Lymphocytes were analyzed by logarithmic amplification on a 1024-channel resolution with a FACS Calibur system (Becton Dickinson, San Jose, CA, USA). Quality control beads (Calibrite III, Becton Dickinson) were run before testing to set standards for photomultiplier tubes, fluorescence compensation and sensitivity. In the CD3 and CD19 positive, viable lymphocyte gate a minimum of 5000 cells were counted and analyzed for each sample. The linear median value of fluorescein isothiocyanate (FITC)-fluorescence was collected for CD3- and CD19-positive cells.
External proficiency testing for FCXm are performed five times yearly (UK NEQAS) and proven adequate.
A FCXm was considered positive if the ratio of median value of recipient serum to negative control was >1.97 (mean+3SD) for T-cells and >2.99 for B-cells, provided that the ratio positive control to negative control was > than the cut-off value. Background staining in B-cell FCXm was diminished by inactivating the sera at 56°C for 30 min.
Presence of donor-specific antibodies was also defined by RCFR (21 ). RCFR is defined as the median channel fluorescence of posttransplant serum minus pretransplant serum divided by pretransplant serum times 100%. All patients including pretransplant FCXm positive patients were analyzed. RCFR was calculated at the time of acute rejection and >3 weeks thereafter for T- and B-cell FCXm values.
Detection of Class I and II Antibodies by Flow Cytometric Screening
To detect the presence of HLA class I and II antibodies the Flow PRA Screening Test (One Lambda) was used according to the manufacturer's recommendations. Microbeads are coated with purified HLA antigens, consisting of a pool of 30 class I and 30 class II coated beads representing the most common HLA antigens. Five microliter class I and 5 μl class II beads were incubated with 20 μl of recipient serum for 30 min at 20°C. After two washes, 100 μl of goat FITC-conjugated F(ab′)2 anti-human IgG Fc(One Lambda), 1:100 were added and incubated for 30 min at 20°C. Beads were gated based on different FL2 fluorescence emission. Antibodies on the bead surface were identified by comparing FL1 fluorescence intensity in patient sera to positive and negative control sera. Class I and II antibodies were distinguished in a single test. Based on results using 20 negative serum samples, a serum was considered positive if the PRA percentage exceeded 10%.
Statistical Analysis
All statistical analyses were performed by using Statistical Package for the Social Sciences software (SPSS, version 11.5 for Windows). Pearson Chi-square test was performed when indicated. P values <0.05 were considered statistically significant.

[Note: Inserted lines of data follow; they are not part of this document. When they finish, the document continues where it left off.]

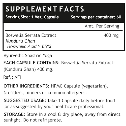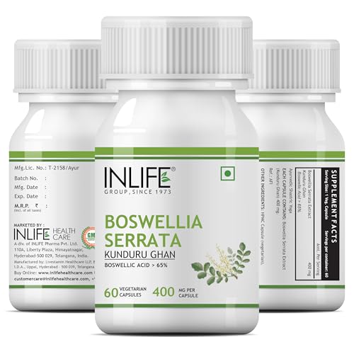 STANDARDIZED TO 65% BOSWELLIC ACID: INLIFE Boswellia Serrata Extract Capsules contain safe natural ingredients and is manufactured to Quality standards. Each vegetarian capsule contains 400 mg of pure Boswellia Serrata extract standardized to 65% Boswellic Acid. INLIFE offers consistent potency in every capsule. THE NATURAL ANTI-INFLAMMATION SUPPORT: Boswellia Serrata or Indian Frankincense is known for its anti-inflammatory properties. Regular use may help to reduce pains related to inflammation like joint pain muscle pain etc. It contains 65% Boswellic acid to deliver powerful relief from achy hips and knees. SUGGESTED USAGE: As a dietary supplement take two (2) capsules together once a day 30 minutes before a meal with a full glass of water or as directed by your healthcare professional. For those with a more sensitive constitution we recommend taking one (1) capsule twice per day 30 minutes before a meal with a full glass of water. PURITY: Our product contains the most natural and effective formulation of trusted natural ingredients that are carefully processed and manufactured in a GMP certified manufacturing facility so you can be sure that you're safe. Vegan and vegetarian friendly-INLIFE Boswellia Serrata extract vegetarian capsules is produced in gluten-free capsules and contains no artificial ingredients.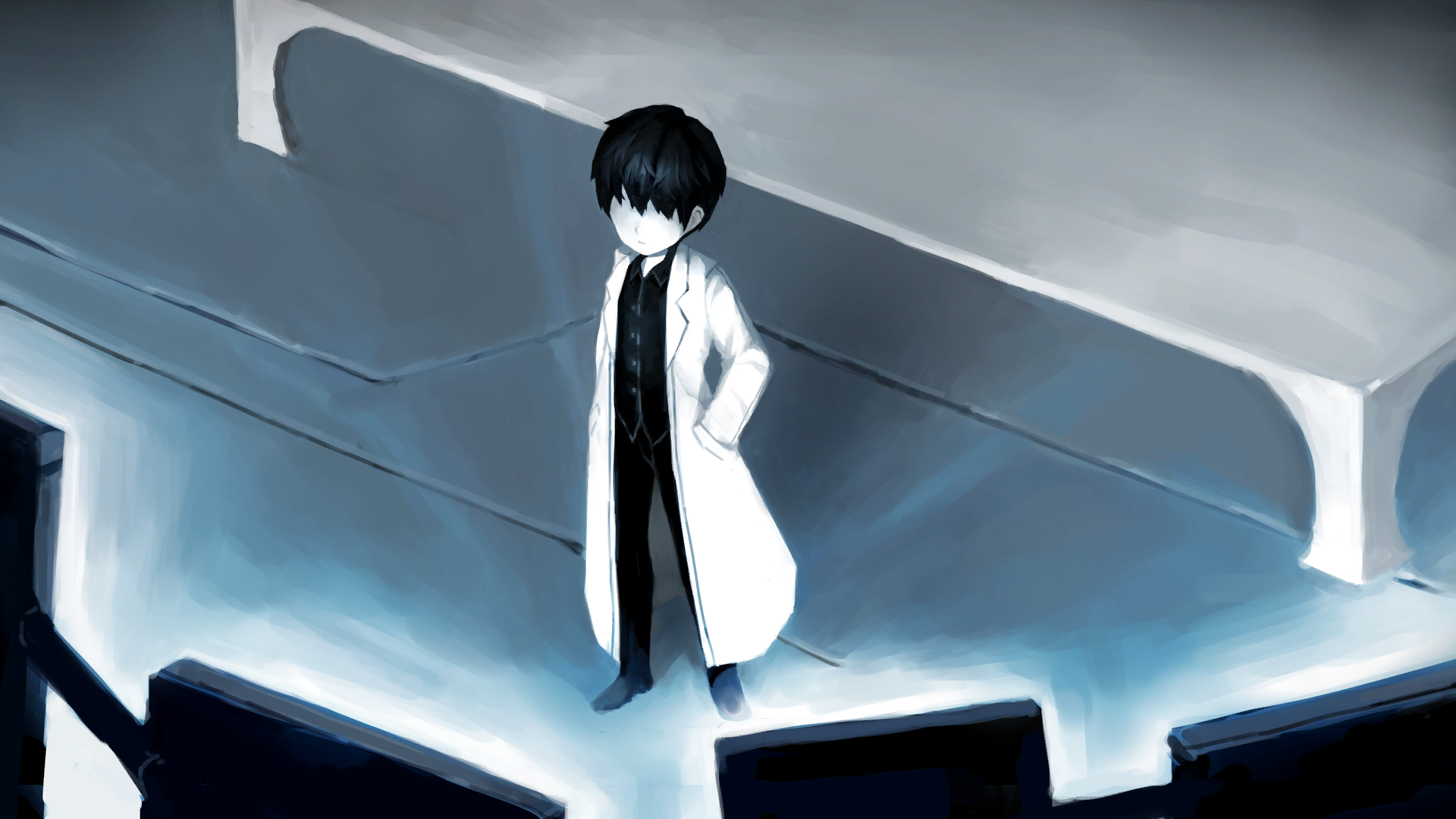 A has short, black hair, yellow eyes, and wears almost completely black attire with a shirt, belt, pants, and shoes. His lab coat is worn over the top of everything. The letter 'A' is just the shortened version of his actual name.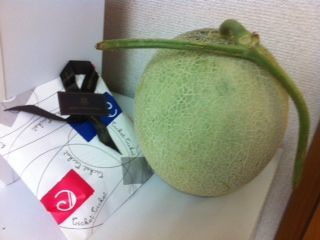 メロン1玉とお菓子を差し入れしていただきました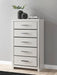 | Details | Made with engineered wood (MDF/particleboard/plywood) and decorative laminate for the right balance of affordability and durability, Matte white finish with subtle replicated wood grain, Decorative laminate replicates natural or man-made material surfaces with consistent color, pattern and texture, Chrome-tone accents, Large-scale chrome-tone handles with faceted details, 5 smooth-gliding drawers, Drawer interiors are lined with a faux linen laminate for a clean, finished look, Safety is a top priority, clothing storage units are designed to meet the most current standard for stability, ASTM F 2057 (ASTM International), Drawers extend out to accommodate maximum access to drawer interior while maintaining safety, Minor assembly required | |

The proportional hazards regression analysis (Cox regression) was performed by both stepwise forward and backward selection techniques for all suspected risk factors. In case acute rejection within six months after transplantation was the outcome parameter, the suspected risk factors tested for included the result of the FC technique (FCXm positivity or RCFR), recipient age, gender, donor age, transplant number, pretransplant PRA, HLA-AB mismatches, HLA-DR mismatches, and the use of MMF as additional immunosuppression. Pretransplant PRA was classified as: nonimmunized (0–5%), immunized (6–50%), and highly immunized (51–100%). With graft survival as outcome parameter, acute rejection within six months was included additionally as a risk factor in the model.
RESULTS
Pretransplant FCXm
Pretransplant FC crossmatches were performed retrospectively for all patients. From 94 patients with negative pretransplant and historic CDC crossmatches, seven (7%) showed a positive FC crossmatch (2T, 3B, 2TB). From the two T-cell positive recipients, one had an uneventful course, the other underwent graft failure after six years. Two of the three B-cell positive patients underwent a steroid-sensitive acute rejection-episode 18 and 47 days after transplantation. The third one lost his graft due to thrombosis after six days. One TB-cell positive patient underwent a steroid-resistant acute rejection-episode six days after transplantation, was treated with ATG and plasmapheresis, but the graft was lost two years later. The other TB positive patient has a functioning graft seven years after transplantation.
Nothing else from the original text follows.